JOGLOSEMARNEWS.COM Daerah Sragen

PDP Corona Yang Meninggal Asal Mondokan Sragen Diketahui Menjabat Sebagai Ketua RT. Punya Toko Kelontong dan Sering Kulakan Sragen-Purwodadi, PDP Asal Kedawung Dinyatakan Negatif Covid-19

Tim dari RSUD Sragen saat melakukan pemakaman jenazah PDP Corona asal Celep Kedawung. Foto/Wardoyo

IMG 20200425 193436
Tim dari RSUD Sragen saat melakukan pemakaman jenazah PDP Corona asal Celep Kedawung. Foto/Wardoyo

SRAGEN, JOGLOSEMARNEWS.COM – Pasien dalam pengawasan (PDP) corona asal Mondokan, Sragen yang meninggal dunia pada Sabtu (25/4/2020) kemarin diketahui menjabat sebagai Ketua RT.
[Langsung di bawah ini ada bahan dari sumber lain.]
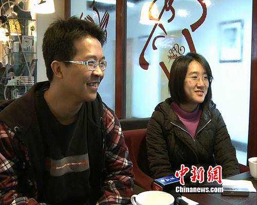 清華大學2010屆碩士研究生張致皓(左)和2010屆本科生俞柔安(右)。圖片來源:中國新聞網
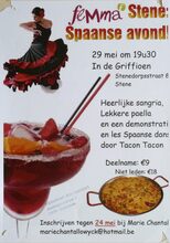 Formaat : 30 x 21 cm. In de Griffioen, Stenedorpstraat 87, Stene. Heerlijke sangria, lekkere paella, demonstratie en les spaanse dans door Tacon Tacon.
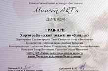 В Межрегиональном конкурсе " Момент Арт" (заочно) хореографический коллектив ДШИ "Яшьлек" рук.Мубаракзянова А.З. удостоился диплома ГРАН-ПРИ.
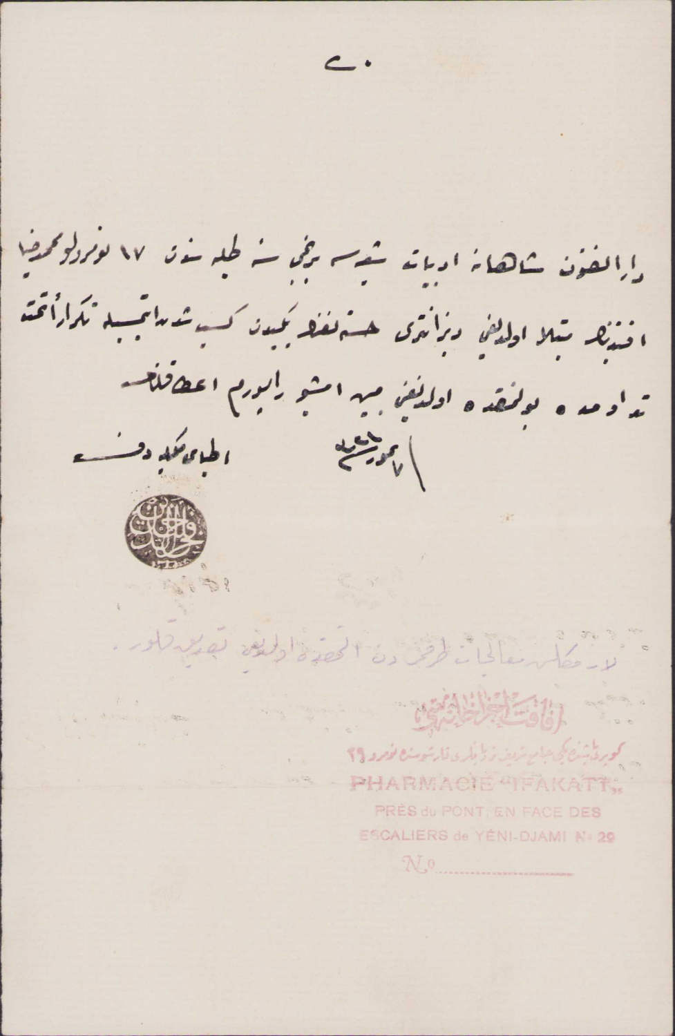 Ifakat Eczahanesi antetli, Osmanlıca yazılı, 7 Temmuz 1903 tarihli, Yenicami adresli, Osmanlı mühürlü
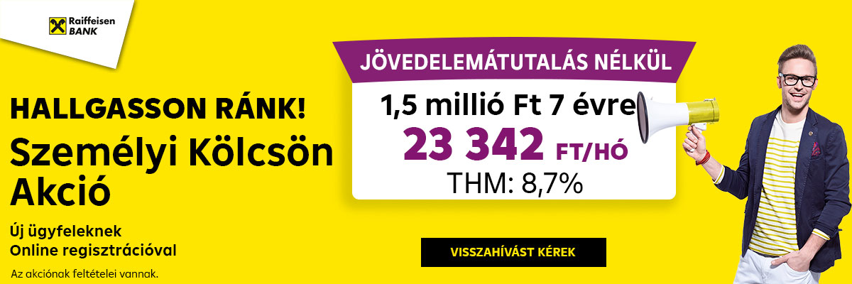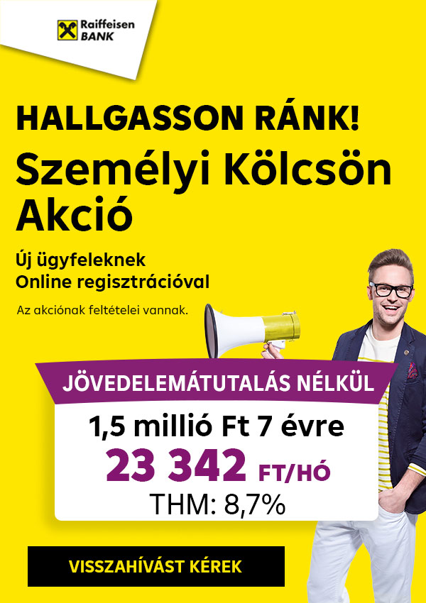 Új Ügyfél Jövedelem250 online akcióval: kölcsönösszeg: 3.000.000 Ft; futamidő: 60 hó; hitelkamat mértéke: 7,95% a futamidő végéig; hitelkamat típusa: rögzített; THM: 8,7%; fizetendő teljes összeg a futamidő alatt: 3.675.445 Ft; hitel teljes díja: 675.445 Ft, hitelbírálati díj: 30.000 Ft, kamat összege: 645.445 Ft; havi törlesztőrészlet összege: 60.757 Ft. A feltételek változása a feltüntetett adatokat módosítja.
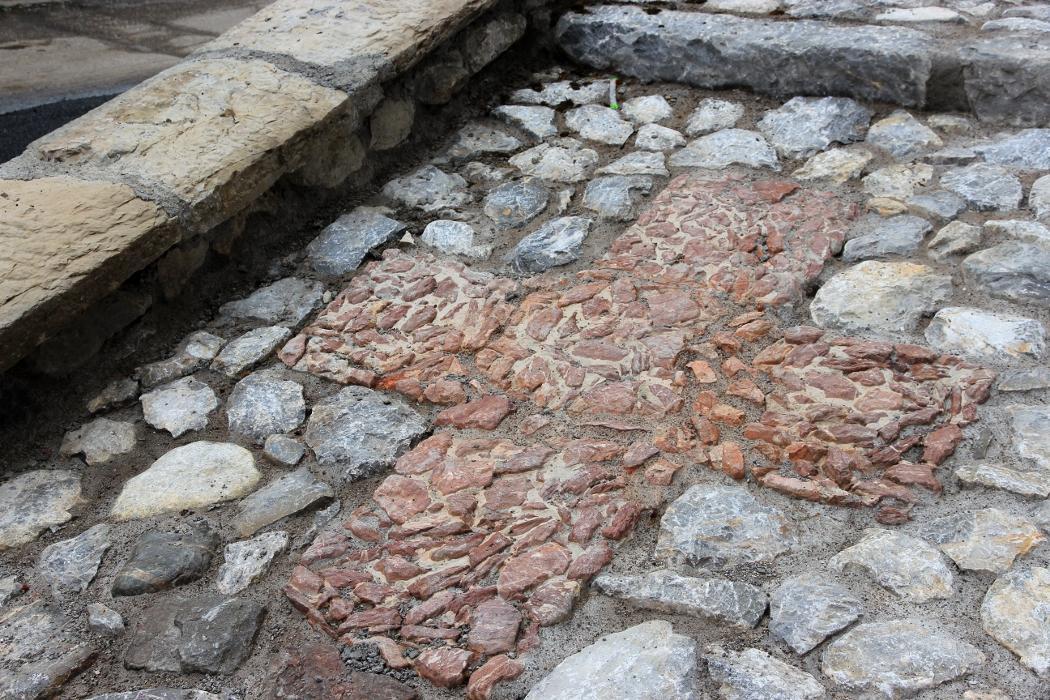 Il simbolo della Croce Rossa è stato ricostruito in anni recenti (2010-2011), assieme all'intero selciato su cui si trova, con le medesime dimensioni e caratteristiche dell'originale.
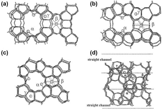 Suggested cationic sites of the α-, β-, and γ -type Co ions in (a) MOR, (b) FER, and (c,d) MFI structures; (c) view through the straight channel and (d) view through the sinusoidal channel, straight channel indicated by dashed lines. Reproduced from Ref. [101]. Copyright 2000, Elsevier.
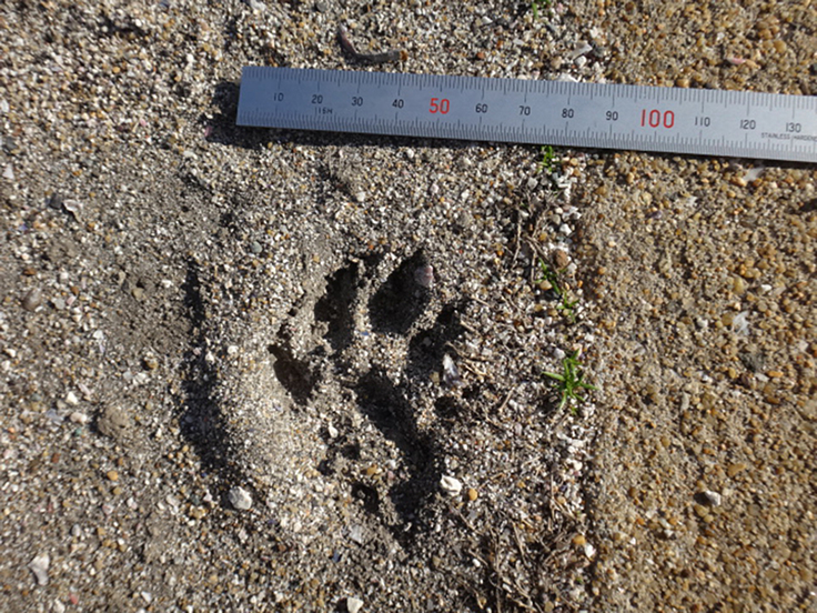 画像:当協会理事長が対馬の調査で撮影したカワウソの足跡
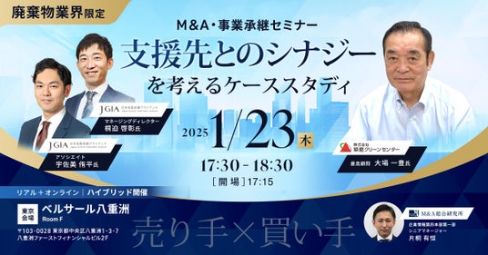 この度、廃棄物業界限定のM&A・事業承継セミナーを実施させていただく運びとなりました。廃棄物・リサイクル事業を展開している株式会社築館クリーンセンターは事業拡大のため、2024年1月にPEファンドである日本成長投資アライアンス株式会社へ株式譲渡をしました。PEファンドへの譲渡を決断した理由や、PEファンドによる具体的な支援内容、今後の成長に向けたさらなる投資について対談形式でお話しいただきます。
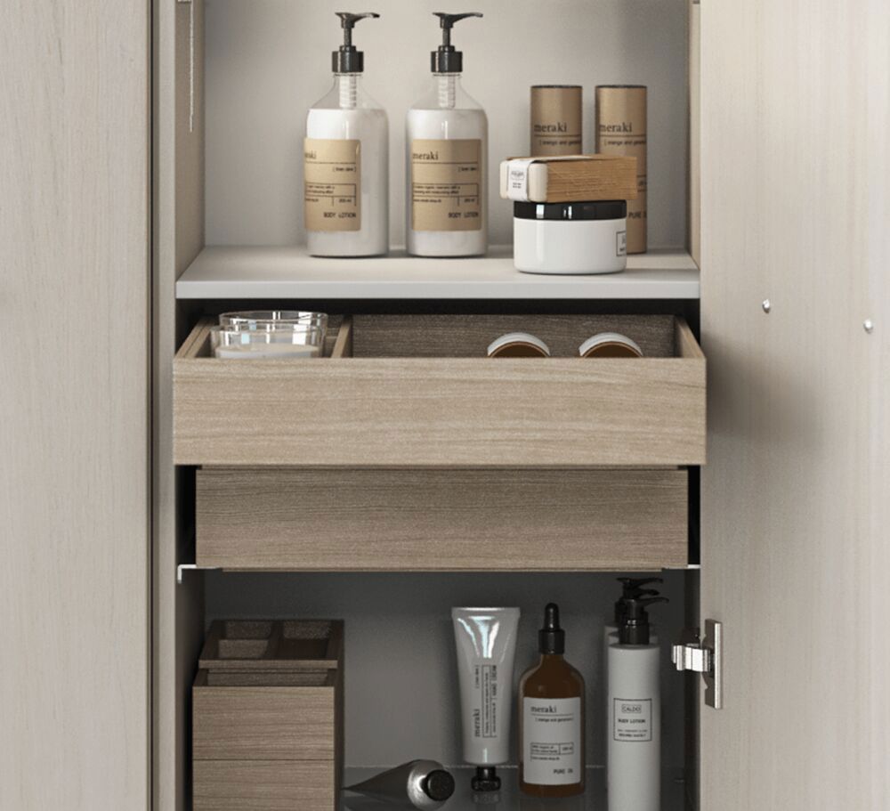 Der Dansani Calidris Schrank mit Tür bietet einfache und stilvolle Aufbewahrungslösungen für Ihr Badezimmer. Mit einem sauberen und zeitlosen Design, bietet die Tür Zugang zu einem geräumigen Stauraum für Toilettenartikel, Handtücher und andere Badutensilien. Die Ästhetik und Funktionalität des Schranks machen ihn zu einer idealen Ergänzung für jedes Badezimmerinterieur. Kombinieren Sie den Schrank mit anderen Dansani Calidris Schränken für ein einzigartiges Badezimmer, das zu Ihnen passt. OBS: Für Produkte mit Eiche und wahlfreie Farbe fällt eine Aufpreis (BI1) an. Einmalige Berechnung, unabhängig von der Anzahl der Elemente. Überlegen Sie Ihre Badmöbel mit praktischem Zubehör auszustatten, an denen Sie täglich Freude haben werden. Wie z.B. LED-Beleuchtung in den Schubladen, Innenbeleuchtung in den Schränken, eine eingebaute Steckdose und LED-Beleuchtung unter dem Schrank inkl. Bewegungssensor und Lichtsteuerung die Ihren nächtlichen Besuch im Bad führt. Das Zubehör wählen Sie direkt mit Ihren Möbeln aus.

Almarhum diketahui berprofesi sebagai pemilik kios toko kelontong yang sering kulakan ke Sragen dan Purwodadi.

Fakta itu diungkapkan Kades Gemantar, Mondokan, Suradi, kemarin. Kepada JOGLOSEMARNEWS.COM , ia mengatakan almarhum berusia sekitar 50 tahun lebih dan menjabat Ketua RT di wilayahnya.

“Beliau sehari-hari pekerjaannya toko kelontong. Riwayatnya sering kulakan
Sragen dan Purwodadi. Almarhum juga Ketua RT Mas,” paparnya.
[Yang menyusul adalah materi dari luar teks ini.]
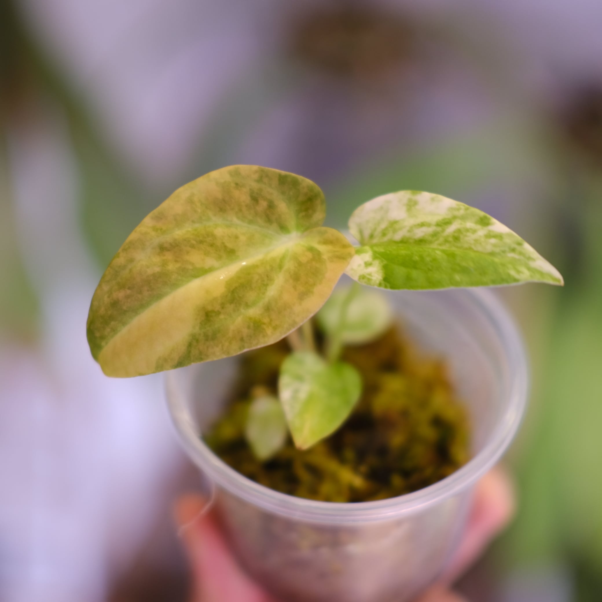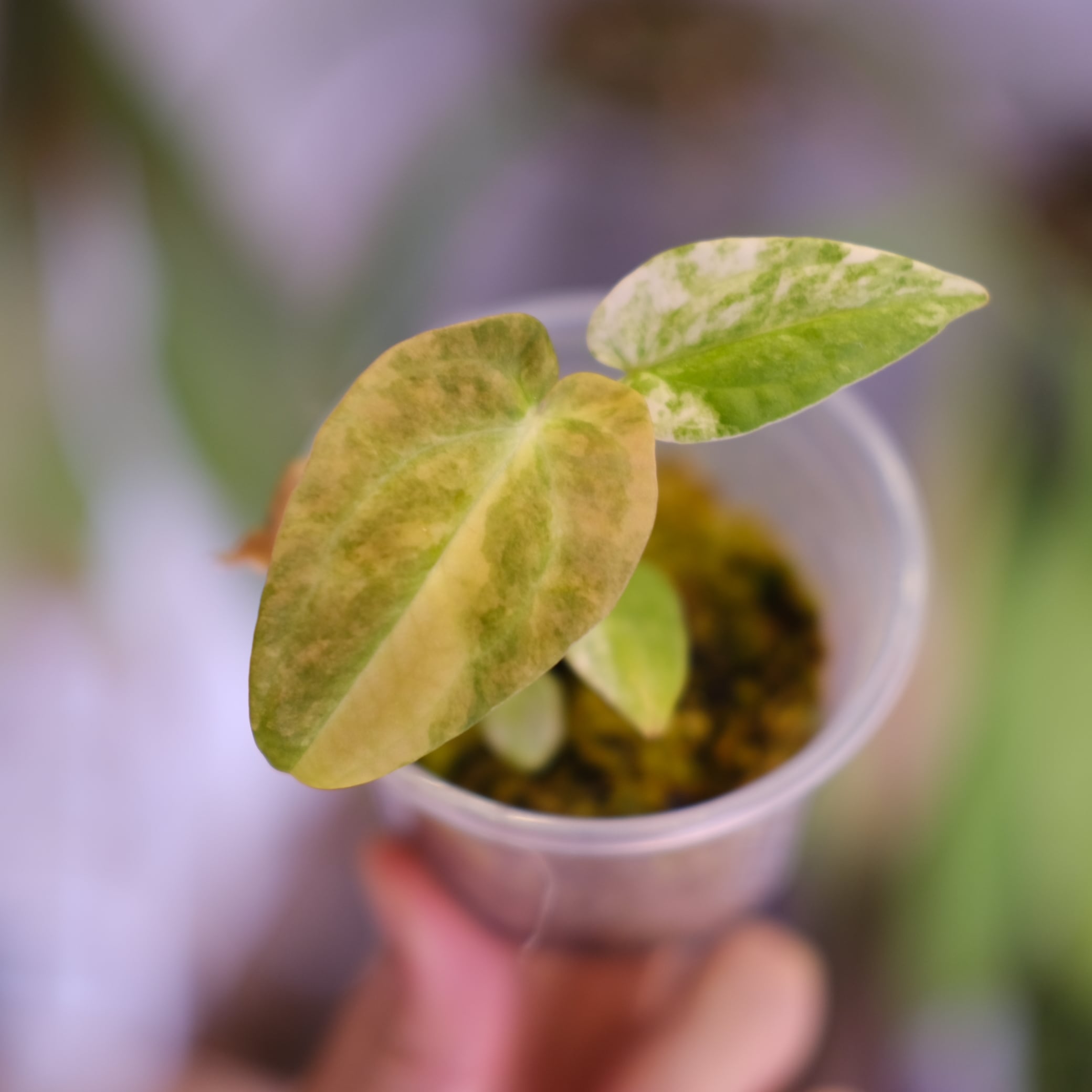 Anthurium papillilaminum var. “Australia version” × Anthurium ‘Red Spider’ は、葉形と質感の完成度を重視した papillilaminum 系統に、赤系の発色要素を持つ Red Spider を組み合わせた交配実生です。派手な色を固定的に狙うのではなく、新葉展開時の色変化を含めて評価する構成となっています。

Baca Juga :  Kalau Mau Tahu Jumlah Kasus Aktif COVID-19 di Sukoharjo Saat ini, Simak Data Lengkapnya Sampai Sebarannya ke Tingkat Kecamatan

Suradi menyampaikan informasi yang ia terima dari bidan desa, hasil tes terhadap almarhum dinyatakan negatif covid-19.

“Kebetulan beliau ini punya riwayat penyakit diabetes, sesak nafas dan paru-paru,” ulas Suradi.

Pasien berinisial W itu meninggal di RSUD Sragen dan dimakamkan pukul 11.00 WIB dengan protokol covid-19. Petugas pemakaman langsung dari RSUD dengan mengenakan pakaian APD lengkap.

Baca Juga :  Blak-blakan, Pembunuh Sartikawati Mengaku Ciu yang Ditenggak Sama Korban Dibeli dari Wilayah Karang Tanjung!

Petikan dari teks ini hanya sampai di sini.